A verbatim copy of every record is required, and no pictures should be included.

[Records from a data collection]

== Segment start ==

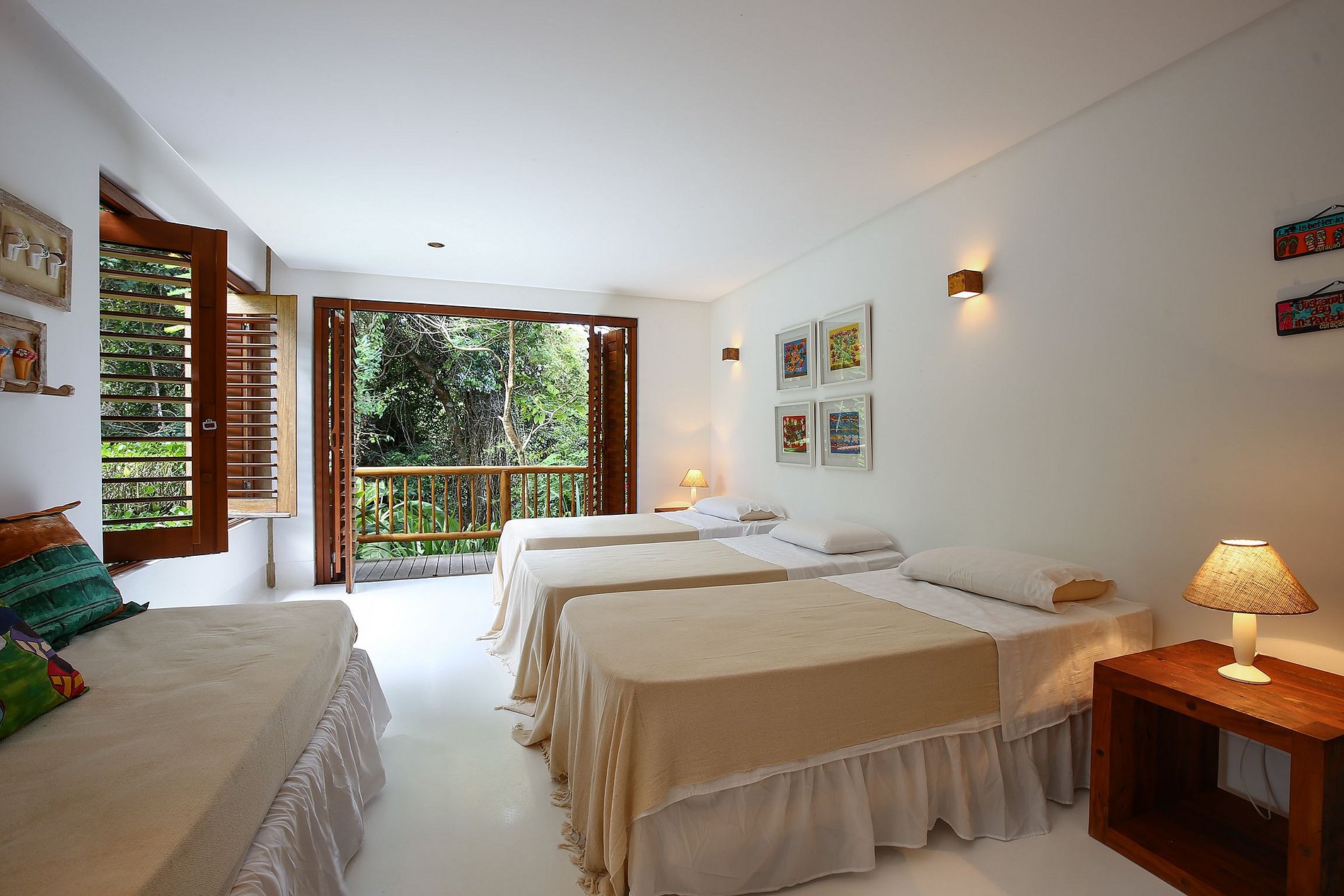 Il y a 3 autres suites au premier étage, deux d'entre elles avec des lits queen size, une avec trois lits simples, parfaite pour les enfants. Les deux autres suites sont situées au rez-de-chaussée, l'une d'entre elles possède trois lits (deux lits doubles et un lit simple) et a un accès direct à la varanda, l'autre est dotée d'un lit queen-size.
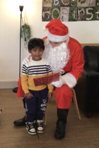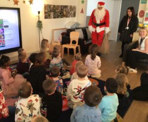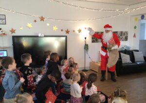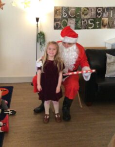 We had a special visit from Santa during our Christmas party.  Children sang Jingle Bells to welcome Santa and did so well collecting their gift from Santa and waiting with their friends for their turn.
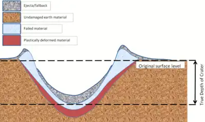 Un cráter está formado por un evento explosivo a través del desplazamiento y expulsión del material desde el suelo. Es típicamente en forma de cuenco. El gas de alta presión y las ondas de choque causan tres procesos responsables de la creación del cráter:
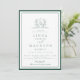 Invitación Elegant Navy Blue botanical crest monogram wedding
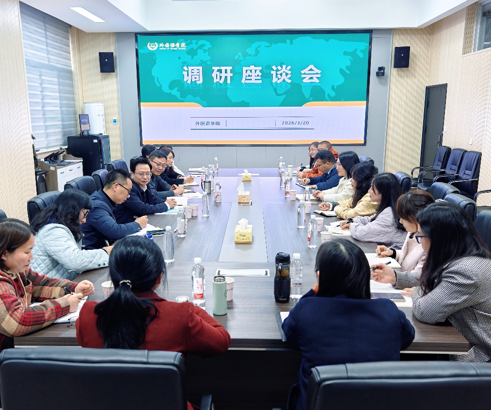陈志国认真听取汇报,对学院在人才培养、教学改革、学科竞赛、社会服务等方面取得的成绩给予了充分肯定,对全院师生表达诚挚问候。他指出,外语学科是学校人文社科的重要支撑,是提升学校国际化水平、培养复合型人才的关键力量。面对人工智能与新文科发展新形势,学院要主动识变应变,加快转型发展。他要求,学院要进一步推动“开门办教育”,贴近国家“一带一路”倡议、“文化出海”战略、湖南中非经贸论坛等大形势改进科学研究、人才培养和社会服务等工作,要依托学校的理工科优势办特色鲜明的外语教育,要借鉴其他高校的先进理念和经验办高水平的外语教育,要进一步团结带领广大教师群策群力,在全校争创“双一流”的过程中作出更大贡献。
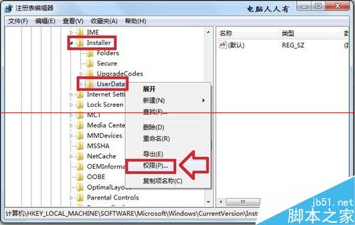 3、依次打开:HKEY_LOCAL_MACHINE\SOFTWARE\Microsoft\Windows\CurrentVersion\Installer\UserData,然后右键点击UserData▶权限
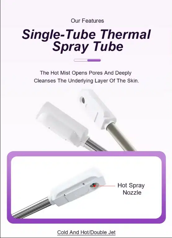 - Студен спрей: Студената пара затяга кожата, а ултрафините партикули подобряват абсорбцията. Подобрява устойчивостта на кожата към студ, като дългосрочната употреба може да осветли тена и да намали пигментацията.
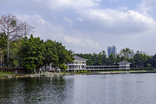 花5元买一包鱼食,蹲在九曲桥上投喂,成群锦鲤翻涌而来,金红一片,治愈感拉满。湖边长椅上,有人静坐发呆,有人轻声闲谈,阳光穿过树叶洒下斑驳光影,广州最舒服的松弛感,全都藏在这里。
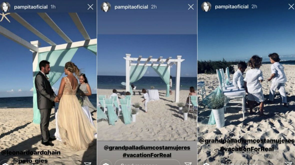 Pampita viajó a México y presenció la boda a orillas del mar de su hermano Leonardo

== Segment end ==

• Answer for this exercise
 Il y a 3 autres suites au premier étage, deux d'entre elles avec des lits queen size, une avec trois lits simples, parfaite pour les enfants. Les deux autres suites sont situées au rez-de-chaussée, l'une d'entre elles possède trois lits (deux lits doubles et un lit simple) et a un accès direct à la varanda, l'autre est dotée d'un lit queen-size.
 We had a special visit from Santa during our Christmas party.  Children sang Jingle Bells to welcome Santa and did so well collecting their gift from Santa and waiting with their friends for their turn.
 Un cráter está formado por un evento explosivo a través del desplazamiento y expulsión del material desde el suelo. Es típicamente en forma de cuenco. El gas de alta presión y las ondas de choque causan tres procesos responsables de la creación del cráter:
 Invitación Elegant Navy Blue botanical crest monogram wedding
陈志国认真听取汇报,对学院在人才培养、教学改革、学科竞赛、社会服务等方面取得的成绩给予了充分肯定,对全院师生表达诚挚问候。他指出,外语学科是学校人文社科的重要支撑,是提升学校国际化水平、培养复合型人才的关键力量。面对人工智能与新文科发展新形势,学院要主动识变应变,加快转型发展。他要求,学院要进一步推动“开门办教育”,贴近国家“一带一路”倡议、“文化出海”战略、湖南中非经贸论坛等大形势改进科学研究、人才培养和社会服务等工作,要依托学校的理工科优势办特色鲜明的外语教育,要借鉴其他高校的先进理念和经验办高水平的外语教育,要进一步团结带领广大教师群策群力,在全校争创“双一流”的过程中作出更大贡献。
 3、依次打开:HKEY_LOCAL_MACHINE\SOFTWARE\Microsoft\Windows\CurrentVersion\Installer\UserData,然后右键点击UserData▶权限
 - Студен спрей: Студената пара затяга кожата, а ултрафините партикули подобряват абсорбцията. Подобрява устойчивостта на кожата към студ, като дългосрочната употреба може да осветли тена и да намали пигментацията.
 花5元买一包鱼食,蹲在九曲桥上投喂,成群锦鲤翻涌而来,金红一片,治愈感拉满。湖边长椅上,有人静坐发呆,有人轻声闲谈,阳光穿过树叶洒下斑驳光影,广州最舒服的松弛感,全都藏在这里。
 Pampita viajó a México y presenció la boda a orillas del mar de su hermano Leonardo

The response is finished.